GRAsp is a genome-wide gene-regulatory network that was inferred using the MERLIN-P-TFA package and visualized with the MERLIN-VIZ framework. Data was collected form publicly available RNA-seq data sets from multiple strains of A. fumigatus In each of these data sets a variety of different experimental conditions are observed e.g. exposure to drugs, signals, temperature change, pathogenesis etc. We normalized all data sets and then attempted to learn a regulatory network where we predict the expression of genes using the expression of transcription factors. For more information on the MERLIN inference algorithm see the section What is MERLIN below. We hope that this project provides new insight into the roles of transcription factors and improves general knowledge about A. fumigatus.

How to use GRAsp

MERLIN is a powerful technique for leveraging data from multiple sources and making global prediction of gene regulation. However, interpreting a global regulatory network is challenging due to the large number of predicted regulatory relationships. To overcome this challenge we have developed a visualization framework for our A. fumigatus network called GRAsp. GRAsp allows users to search the gene regulatory network to for network components that may be relevant to their research. Currently GRAsp supports searching the network via a list of genes, searching MERLIN modules, by GO-term, and using network diffusion. To toggle between these choices, select the corresponding search criteria in the search method dialog box.

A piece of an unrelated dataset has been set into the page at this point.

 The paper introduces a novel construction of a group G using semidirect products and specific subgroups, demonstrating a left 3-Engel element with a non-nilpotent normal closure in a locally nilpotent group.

Searching via a list of genes:

The first of the search methods is labeled Gene List. When selected you can either input a list of gene names in the Input Gene field or Upload a Gene List file containing a list of genes, one gene per line. Lets, start by entering srbA into the search field, with the Include Module Members option selected (default). This will visualize the MERLIN Module containing srbA.

While GRAsp was designed specifically for the Af293 A. fumigatus strain, many of the predicted relationships may also be useful for understanding the CEA10 strain. To this end we have included 1-1 orthologs as searchable options in the Gene List search field. For example searching by AFUB_018340, the 1-1 ortholog of srbA will return the same network.

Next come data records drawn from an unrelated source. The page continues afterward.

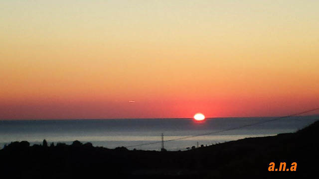 Ana Gonfer nos manda estas dos fotos fotones de la puesta de sol desde El Morche. Si os fijáis, os daréis cuenta que el sol se oculta por el mar, pero lo curioso es que en este mes también sale por el mar en esta zona de la Costa Malagueña.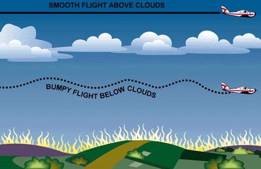 | Figure 5-10.—Convection currents form off-shore winds at night. | Figure 5-11.—Avoiding turbulence caused by convection currents by flying above the cloud level. |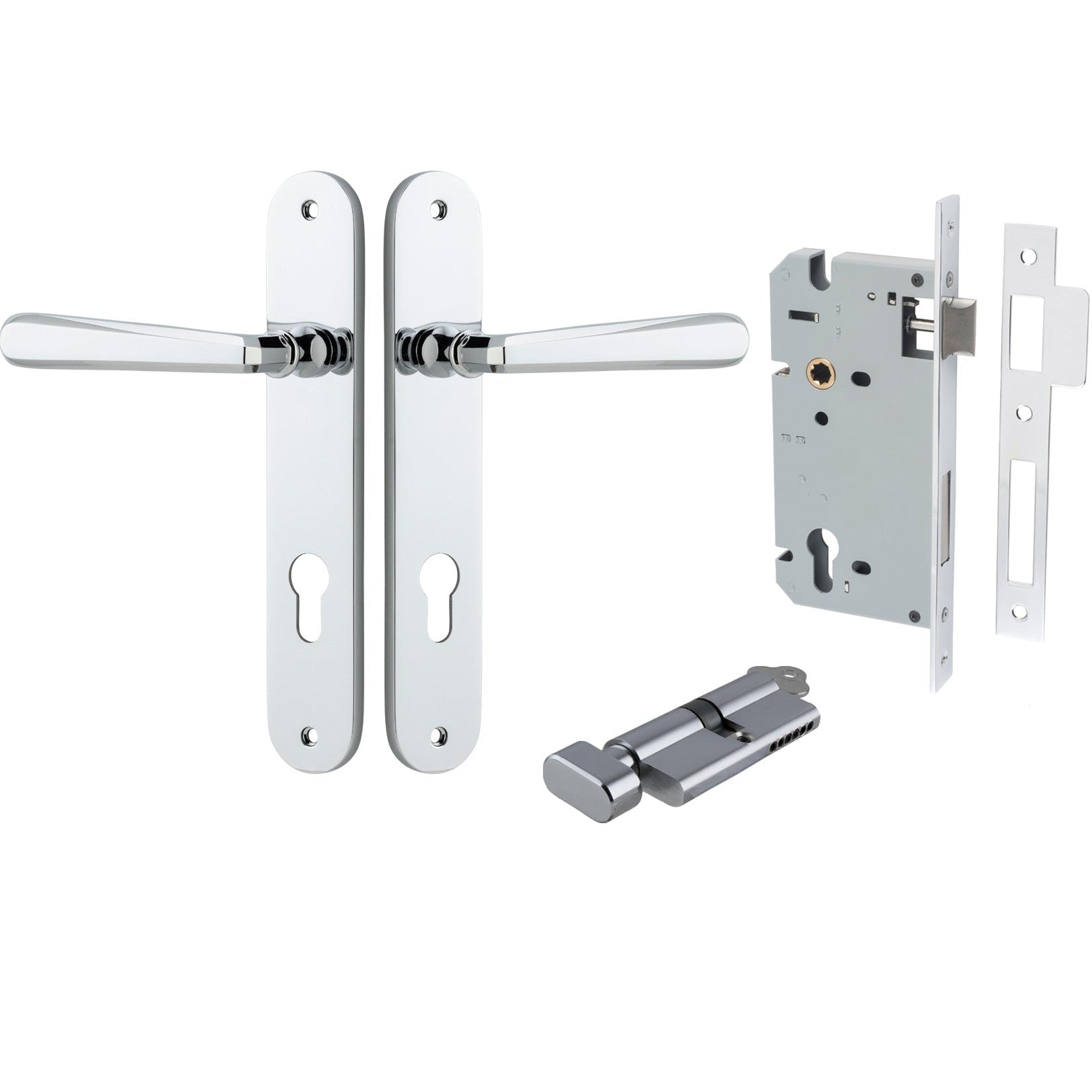 Included in Kit: Door Lever Copenhagen Oval Euro Pair Polished Chrome CTC85mm H240xW40xP61mm Entrance Kit, Mortice Lock Euro Polished Chrome CTC85mm Backset 60mm, Euro Cylinder Key Thumb 6 Pin Polished Chrome L70mm KA1

A MERLIN module is a collected on genes which are co-expressed and co-regulated. In the network visualization squared nodes correspond to transcriptional regulators and circular nodes correspond to targets. For example in the plot below, srbA and srbB represent two transcription factors. They are included in the set of candidate regulatory genes at the beginning of network inference. In comparison erG25 erG3 and erG1 are not included in the set of candidate regulators because they do not have any known role in gene transcription regulation. They are each represented with rounded corners. Predicted regulatory relationships are captured with directed arrows. In the plot above srbB is a predicted regulator of erG3, erG1 and erG25. It is also possible to have predicted regulatory relationships between regulators. In this case srbA and srbB co-regulate each other, which is represented by double sided arrow.

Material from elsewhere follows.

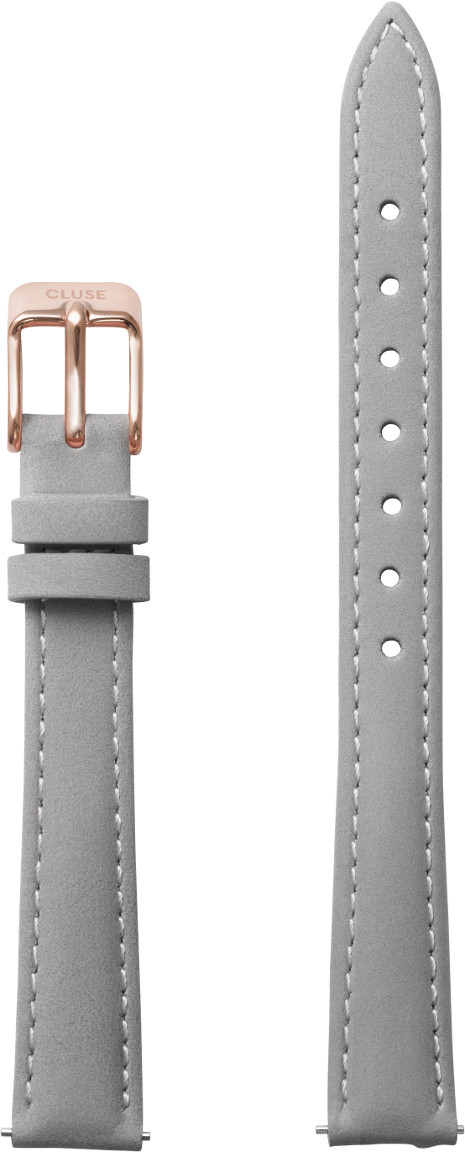 Cluse La Vedette CLS506 Grey/Rose Gold -ranneke on materiaaliltaan aitoa nahkaa. Tämä klassisen harmaa malli on ranteessa todella tyylikäs ja sen solki on väriltään punakultainen. Rannekkeen leveys kiinnityskohdista on sirot 12 mm ja se sopii yhteen mm. kaikkien Clusen La Vedette -sarjan kellojen kanssa. Kiinnitys tapahtuu helposti kotikonstein ja ilman työkaluja.

The figure above is colored so that nodes within the same module are all the same color. It is possible to have regulators that are in other modules (such as AFUA_3G12190) which is a second module, or that are not assigned to any module (such as AFUA_5G06120_nca, which are colored black). Genes with the suffix nca indicate transcription factor activity profiles (TFA) of a gene, instead of a the gene expression profiles. These TFA profiles are informed by motif information and candidate target gene expression profiles. In practice, regulatory relationship between TFA profiles and expression profiles are both indicative of transcriptional regulation.

Modifying graph apperances

There are multiple ways to modify the figures to increase legibility and remove redundant nodes. Below are a list of supported plotting parameters:

Parameter	Description	Options
Node layout	Supported algorithms for generating a node layout. Changing these may improve legibility based on the subgraph topology. All layouts are implemented with the igraph Package	Fruchterman-Reingold, Davidson-Harel, Kamada-Kawai, and Large graph layout.
Minimum number of genes in component	The minimum number of nodes required to display a connected component of the subgraph. For example setting this value to two remove genes without reulatory relationships from the visualization
Display gene names	A list of gene names to display in the figure. Note gene names can also be toggled by clicking on individual genes in the display.	All gene names in the figures
Name format	If common, a common gene symbol will be used in place of the systematic name when available. Otherwise the systematic name is used for all genes.	Common, Systematic
Name in node	If selected, the name of the genes will be displayed within the node. Otherwise, the gene names will be printed on top.
Node color by	Coloring key for genes. If module, the genes are colored by there MERLIN module membership. If regulator, regulators are colored red and non-regulators are colored blue, If Gene name, then genes with similar gene symbols are colored the same. For exampled all erg genes will be labed with the same color	Module, Regulator, Gene Name
Node color palette	The palette to label the nodes	Options are the Rcolorbrewer qualitative palettes
Node size	Controls the node size
Node label font size	Controls the fond size of node labels
Edge color by	Method for coloring edges. Regression Weights correspond to the learned weights from MERLIN.	Correlation, Regression Weight
Edge color palette	The color palette used for edges.	Options are the Rcolorbrewer diverging palettes
Expand X axis	Adds or reduces white space along x axis. Used to fit labels.
Expand Y axis	Adds or reduces white space along y axis. Used to fit labels.
Legend font size	Scales the legend font size
Image height (in)	The image height in inches. Effects figure after saving.
Image width (in)	The image height in inches. Effects figure after saving.
File name	The name of the file used when saving.	default (file_name)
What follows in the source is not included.